Brief: Please give back word for word the lines below, from the first one through the one with "分享会上,马克思主义学院20".

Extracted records

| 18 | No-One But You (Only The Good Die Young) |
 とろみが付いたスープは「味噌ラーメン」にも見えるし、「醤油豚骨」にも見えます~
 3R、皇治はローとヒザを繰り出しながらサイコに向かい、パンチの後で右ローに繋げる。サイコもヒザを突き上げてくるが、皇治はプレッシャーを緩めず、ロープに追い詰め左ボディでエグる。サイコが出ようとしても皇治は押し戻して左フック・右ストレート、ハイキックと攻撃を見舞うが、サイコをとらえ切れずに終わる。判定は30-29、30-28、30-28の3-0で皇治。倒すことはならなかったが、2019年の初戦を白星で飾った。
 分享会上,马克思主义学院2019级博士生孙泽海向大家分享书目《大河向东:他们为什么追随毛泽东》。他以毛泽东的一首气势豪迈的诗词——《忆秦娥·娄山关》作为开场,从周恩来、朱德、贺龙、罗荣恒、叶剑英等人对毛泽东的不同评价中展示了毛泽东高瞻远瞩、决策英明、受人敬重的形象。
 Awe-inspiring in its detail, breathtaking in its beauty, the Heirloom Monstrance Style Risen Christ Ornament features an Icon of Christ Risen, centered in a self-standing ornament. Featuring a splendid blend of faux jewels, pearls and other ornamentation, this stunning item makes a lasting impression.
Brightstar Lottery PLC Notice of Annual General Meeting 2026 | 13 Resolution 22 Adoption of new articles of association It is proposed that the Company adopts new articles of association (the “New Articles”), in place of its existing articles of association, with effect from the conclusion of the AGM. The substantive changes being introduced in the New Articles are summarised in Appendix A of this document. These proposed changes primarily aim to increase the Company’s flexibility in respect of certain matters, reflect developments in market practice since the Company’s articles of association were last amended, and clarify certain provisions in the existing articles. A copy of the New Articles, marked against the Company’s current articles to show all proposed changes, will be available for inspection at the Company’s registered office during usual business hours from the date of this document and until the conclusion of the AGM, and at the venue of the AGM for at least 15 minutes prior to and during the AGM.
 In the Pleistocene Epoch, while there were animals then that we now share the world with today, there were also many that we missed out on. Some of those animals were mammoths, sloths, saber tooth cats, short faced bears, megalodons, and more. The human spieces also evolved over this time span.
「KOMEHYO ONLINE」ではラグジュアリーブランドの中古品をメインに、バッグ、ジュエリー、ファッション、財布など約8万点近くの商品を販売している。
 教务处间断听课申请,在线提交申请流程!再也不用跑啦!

Finished exercise:
| 18 | No-One But You (Only The Good Die Young) |
 とろみが付いたスープは「味噌ラーメン」にも見えるし、「醤油豚骨」にも見えます~
 3R、皇治はローとヒザを繰り出しながらサイコに向かい、パンチの後で右ローに繋げる。サイコもヒザを突き上げてくるが、皇治はプレッシャーを緩めず、ロープに追い詰め左ボディでエグる。サイコが出ようとしても皇治は押し戻して左フック・右ストレート、ハイキックと攻撃を見舞うが、サイコをとらえ切れずに終わる。判定は30-29、30-28、30-28の3-0で皇治。倒すことはならなかったが、2019年の初戦を白星で飾った。
 分享会上,马克思主义学院2019级博士生孙泽海向大家分享书目《大河向东:他们为什么追随毛泽东》。他以毛泽东的一首气势豪迈的诗词——《忆秦娥·娄山关》作为开场,从周恩来、朱德、贺龙、罗荣恒、叶剑英等人对毛泽东的不同评价中展示了毛泽东高瞻远瞩、决策英明、受人敬重的形象。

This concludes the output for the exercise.